Here is a small script to print the tags for your environment:

Python
import platform
import sys
import torch

def python_tag():
    return f"cp{sys.version_info.major}{sys.version_info.minor}"

def arch_tag():
    system = platform.system().lower()
    machine = platform.machine().lower()
    if system == "linux" and machine in ("x86_64", "amd64"):
        return "linux_x86_64"
    if system == "linux" and machine in ("aarch64", "arm64"):
        return "linux_aarch64"
    if system == "darwin" and machine == "arm64":
        return "macosx_arm64"
    if system == "darwin" and machine == "x86_64":
        return "macosx_x86_64"
    return f"{system}_{machine}"

def cuda_tag():
    cuda = torch.version.cuda
    if cuda is None:
        return "cuXXX"
    major = cuda.split(".")[0]
    return f"cu{major}"

def torch_tag():
    version = torch.__version__.split("+")[0]
    major, minor, *_ = version.split(".")
    return f"torch{major}.{minor}"

print("Python tag :", python_tag())
print("Torch tag  :", torch_tag())
print("CUDA tag   :", cuda_tag())
print("Arch tag   :", arch_tag())

Use these values to match the correct wheel manually.
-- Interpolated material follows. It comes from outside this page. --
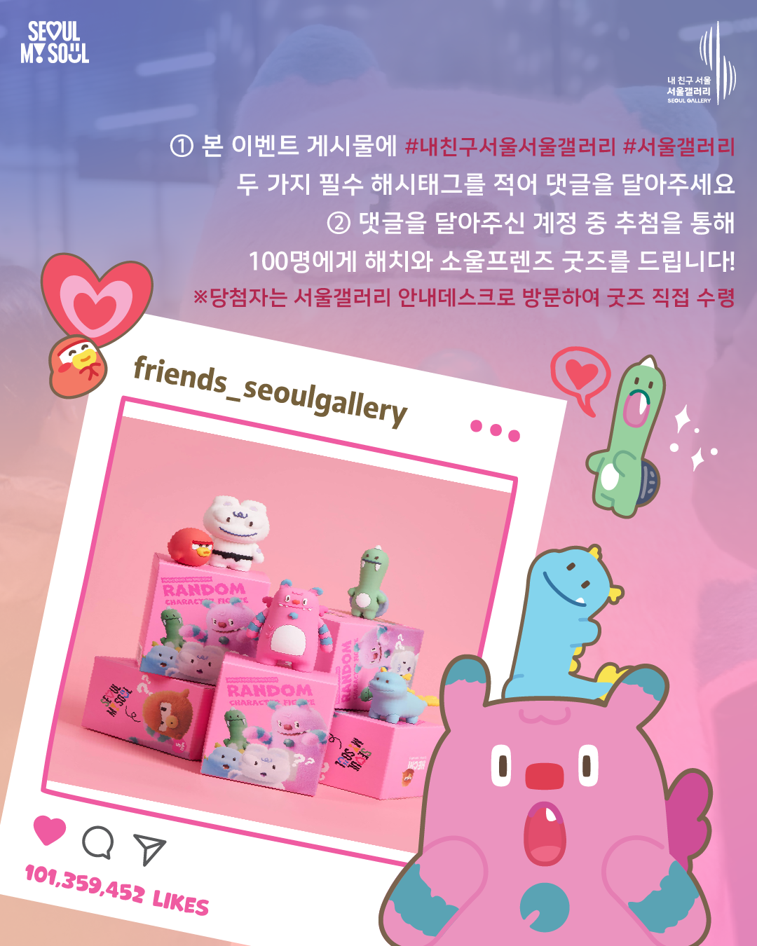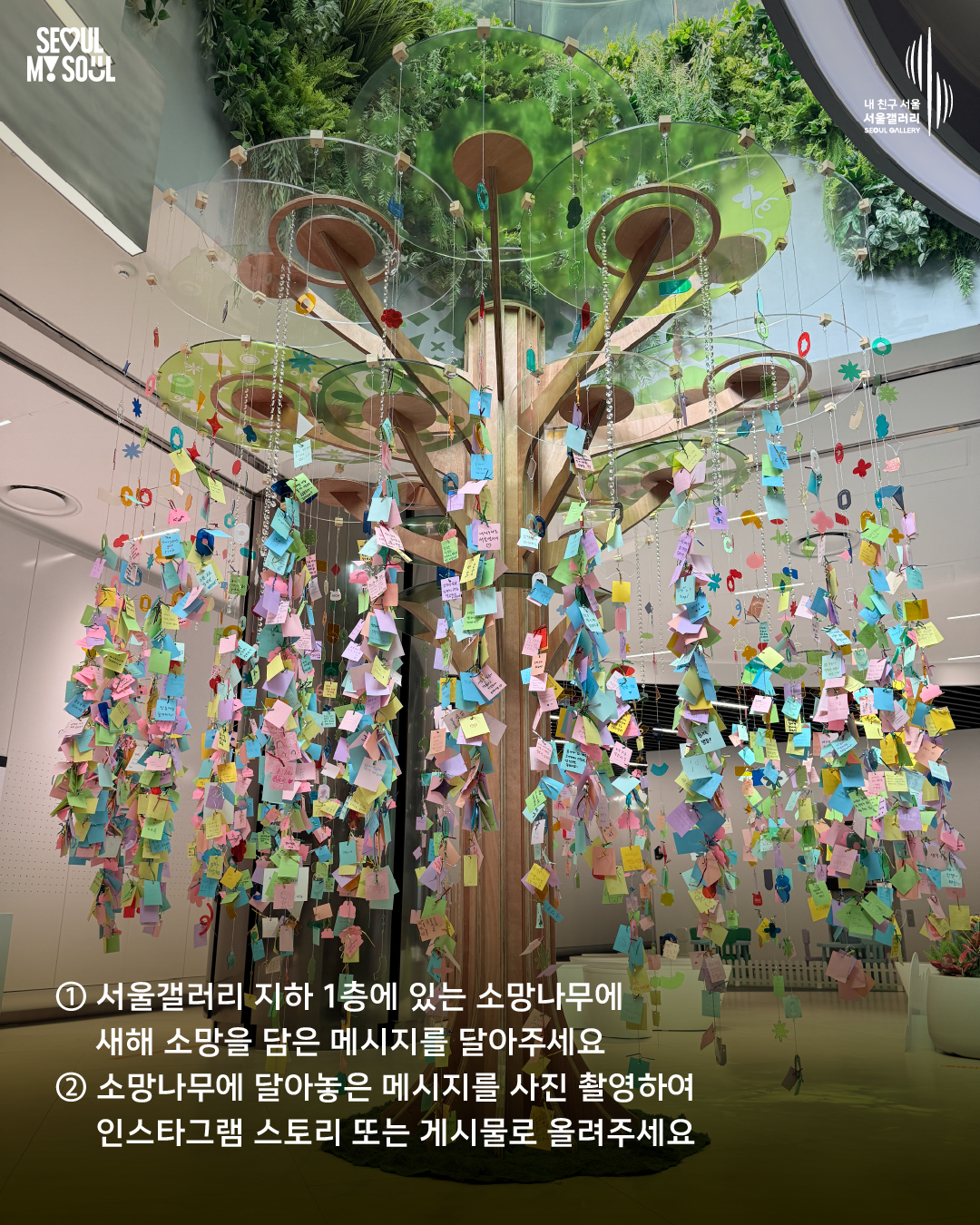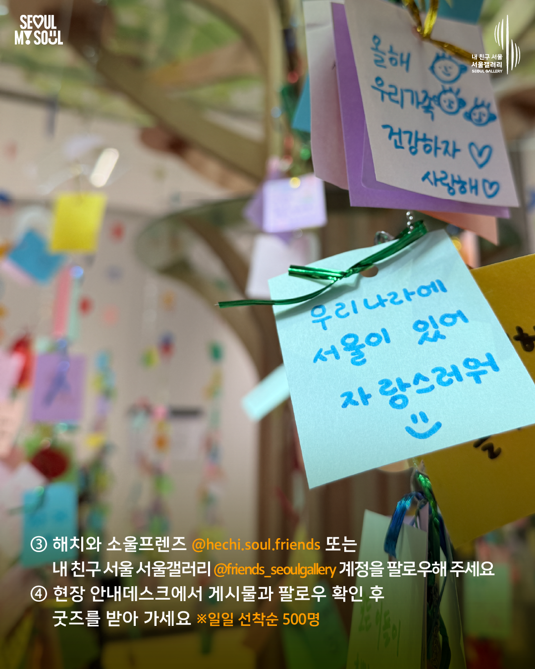 방문객 여러분의 새해 소망을 응원하며 서울마이소울·해치 굿즈를 증정하는 특별한 이벤트도 진행합니다. 소망나무에 메시지를 달고 인스타그램 업로드 후 해치와소울프렌즈 또는 서울갤러리 계정 팔로우 시 안내데스크에서 서울라면을 받을 수 있고(행사 기간 일일 선착순 500개), 댓글 이벤트를 통해 총 100명에게 해치 굿즈도 드리니 많은 참여 부탁드립니다.
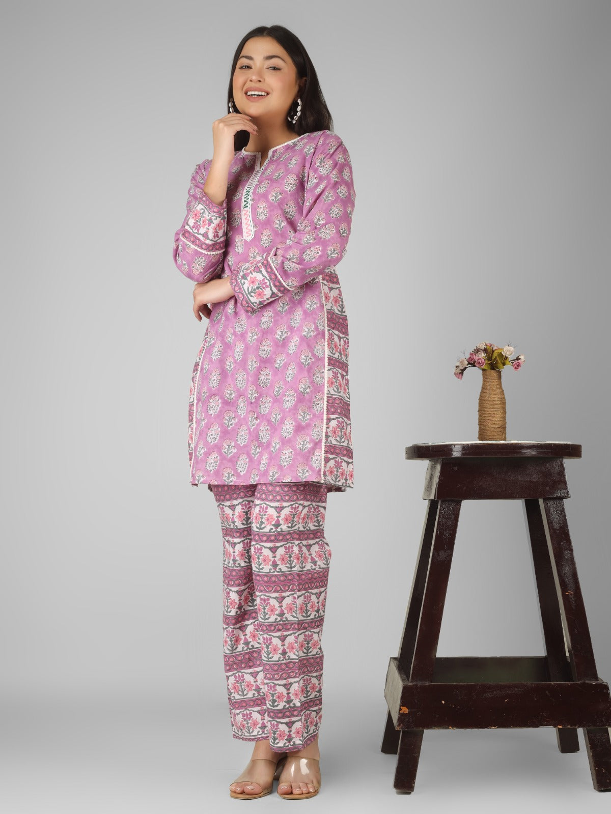 Blush Bloom Hand Block Printed Organic Cotton Co-ord Set

Step 6: Download and Install

Go to the FlashAttention releases page:

  1. Pick the version.
  2. Open the assets.
  3. Match the wheel.
  4. Download it.

Then install:

pip install <wheel_file>

References

  • Issue #809 - install succeeds, then import flash_attn fails with an undefined symbol.
  • Issue #667 - a Python 3.11 / PyTorch 2.1 / CUDA 12.1 environment reports an undefined symbol from the installed extension.
  • Issue #966 - import of flash_attn_2_cuda fails after build.
  • Issue #919 - wheel and source attempts still produce undefined symbol errors in a mismatched environment.
  • Issue #784 - another report of pip install --no-build-isolation followed by import-time undefined symbol failure.
  • Issue #853 - one user reports resolving the problem by installing a specific matching wheel file manually.
  • Issue #1696 - a newer example showing successful install but runtime import failure on PyTorch 2.7.0, with a source build working around the mismatch.